Postgraduate Course: Case Studies in Responsible Natural Language Processing (INFR11300)
Course Outline
| School | School of Informatics |
College | College of Science and Engineering |
| Credit level (Normal year taken) | SCQF Level 11 (Postgraduate) |
Availability | Not available to visiting students |
| SCQF Credits | 20 |
ECTS Credits | 10 |
| Summary | This course will focus on applying responsible NLP principles in practice. This will take two forms: (1) students will report and reflect on their year 1 learning in the area of legal, social, and ethical aspects of AI and NLP, (b) students will work on case studies that draw out insights for the development and practical application of principles of responsible NLP. For (1), students will work in teams to undertake peer-led teaching in the form of student run seminars. For (2), the students will work in teams to apply their learnings into an ethics assessment with non-
academic partners.
This course is ONLY available to students on the second year of the PhD with Integrated Study in Designing Responsible Natural Language Processing. |
| Course description |
This course will enable students to practice responsible research and innovation in action.

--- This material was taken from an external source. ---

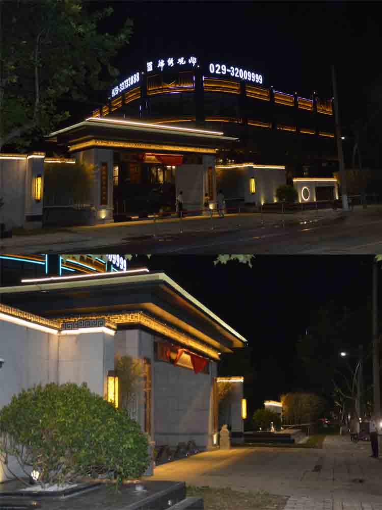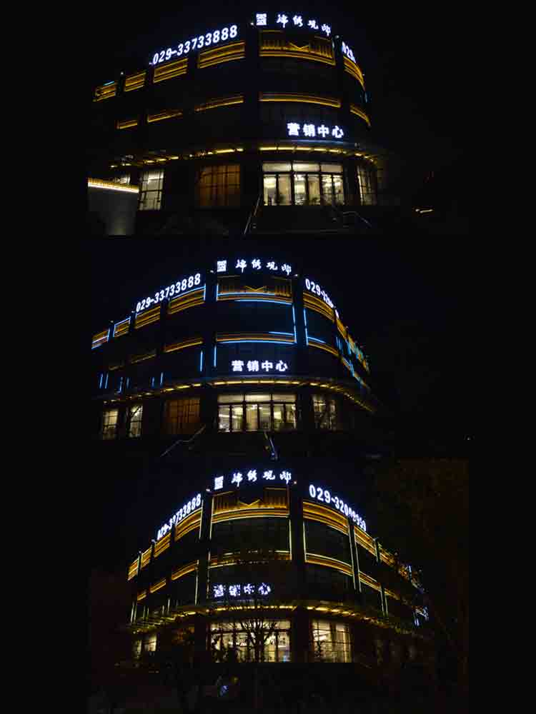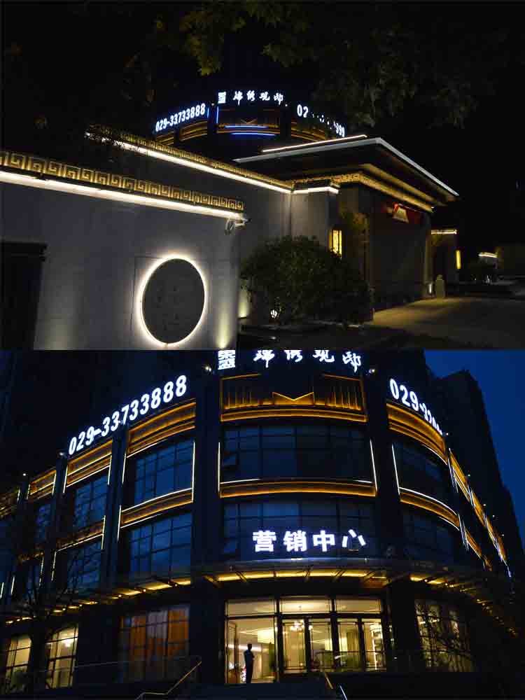 2018 榮盛景秀觀邸售樓部亮化,蘭光設(shè)計師根據(jù)其榮盛景秀觀邸售樓部商業(yè)屬性,商業(yè)照明設(shè)計明亮而醒目,營造商業(yè)經(jīng)營的夜景氛圍。以靜態(tài)的暖色燈光將其打亮,凸顯雅致?!皹s盛景秀觀邸”標(biāo)志以高亮度的燈光,吸引顧客注意,增強商業(yè)宣傳力度。景觀燈造型與建筑外立面造型完美融合,晚上光斑效果與綠植景觀交相輝映,相映成趣!榮盛景秀觀邸的亮化設(shè)計施工,獲得了客戶的高度認(rèn)可。

They will reflect on their learning in areas of legal, social, and ethical aspects of AI and NLP and put this learning into practice by working on case studies on responsible NLP. The course will have an interdisciplinary outlook, and the case studies will be provided by the industry partners of the CDT. Example topics include:
- fairness and bias
- social issues of model deployment
- impact of AI and NLP technology on the workplace
- data privacy, copyright, and other legal implications of NLP
- translation of ethical and moral values to technical systems
- political influence and manipulation with the help of AI and NLP
- generative AI and the creative industries
The students will engage in two main activities: (1) student-led seminars in which students present topics in responsible NLP based on the courses they've taken in year 1; (2) partner presentations introducing case studies on responsible NLP; students will work in small teams which will select one of these case studies and work with the partner on an analysis of that case study, drawing on their knowledge from the first part of the course.
This is a course-work only course; the students will be provided formative feedback based on their seminar presentations and assessed via a pass/fail grade, and further assessed through a report of their case study analysis.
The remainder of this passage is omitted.